Он стоял перед окном, курил плоскую сигаретку «Летиф» и наблюдал сквозь стекло за непрерывно льющим прямым дождем, который, казалось, не прекратится вовек.

— Надо переставить пробку в колодезную трубу, — сказала тетушка Пнина с испуганными глазами и тревожно наморщенным лбом. — Мы ведь все стоим на колодце.

А я в воображении продолжил то, что она не произнесла вслух: что вот-вот пол под нашими ногами рухнет и все мы утонем.

— Да-да, — сказал Гавриэль, не проявляя ни малейших признаков готовности приступить к требуемому процессу затыкания трубы. — Никогда сосуды не смогут вместить благодати.

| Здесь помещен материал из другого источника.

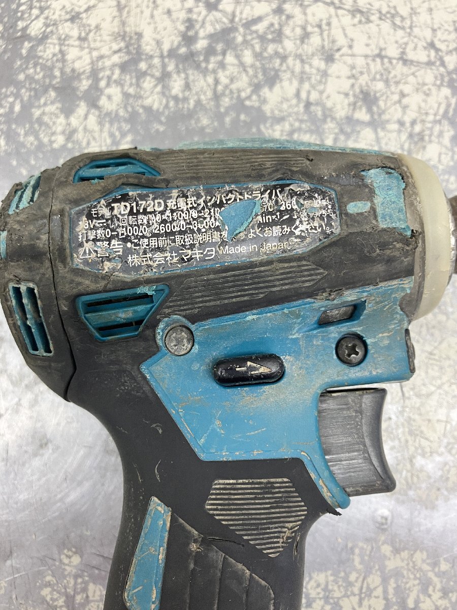 マキタ 18V 充電式インパクトドライバ TD172D 本体のみ のジャンク品の出品となります。 LEDライトとLEDランプは灯ります。しかし回転はしません。 また打撃切替は反応しません。 傷や汚れがあり使用感あります。 写真がすべてです。 神経質な方はご入札をお控えください。 ●当店出品商品におきまして、店舗での併売を行っているお品物がございます。 ご落札のタイミングによってはお品物のご用意が出来ない場合がございます。 店舗での販売が優先となりますので、あらかじめご了承ください。 ●簡易的な清掃はしておりますが、取り切れない汚れ・社名跡がある場合がございます。 ●リユース品ですので細かな傷・打痕・サビ・塗装剥がれ・変色等があります。 ●神経質な方・完璧なものをお求めの方は入札をお控えください。 ●弊社ではお値引き価格交渉等はご対応を行っておりません。 ●即決価格が設定されてい商品はオークション形式のみでの販売となります。 ●外国籍の方と以前のお取り引きでトラブルが発生した為、日本語が細かく理解出来ない方は入札をご遠慮下さい。 ●Please refrain from bidding if you are unable to understand Japanese in detail, as we had trouble with a previous transaction with a foreign national. | ||

И я отчего-то успокоился и погрузился в странную беззаботность, уверившись, что именно так, конечно, дело и обстоит, подобно тому как сейчас покинуло меня беспокойство по поводу пустеющего колодца при виде его лица, будто поднимающегося из ведра, и при звуках его голоса, произносящего: «Так-так, сосуды пустеют». Что же будет, если тетушка Пнина не стащит Арли-водовоза с его места на крышке квартального колодца даже тогда, когда в нашем не останется уже ни капли живительной влаги? А в прошлом году? Продолжал бы я пребывать в том же состоянии беззаботности, не сделай тетушка Пнина того, что требовалось, и начни мы тонуть в пучине благодати, не вмещенной сосудами? Этот вопрос применительно к самому Гавриэлю снова, на сей раз более настойчиво, всплыл позднее, когда глаза его опять не смогли вынести избытка света. Годы спустя чувствительность их достигла такой степени, что даже в доме, даже от косого луча, проникшего через окно и упавшего на страницу его раскрытой книги, он способен был получить световой удар, который почему-то именовал «рефлексом», и ему, ослепленному, не оставалось ничего иного, как лечь на диван, надеть очень темные солнцезащитные очки и терпеливо ждать с закрытыми глазами, пока слепота не рассеется и не отступит. На том же этапе он перестал выходить и больше никогда не отправлялся со мною на прогулку ни в Старый город, ни на Подзорную гору, ни даже в любимые им пещеры захоронений Синедриона, до сего дня связанные для меня с воспоминанием о нем. Но это было много лет спустя, и о том мы расскажем в свое время.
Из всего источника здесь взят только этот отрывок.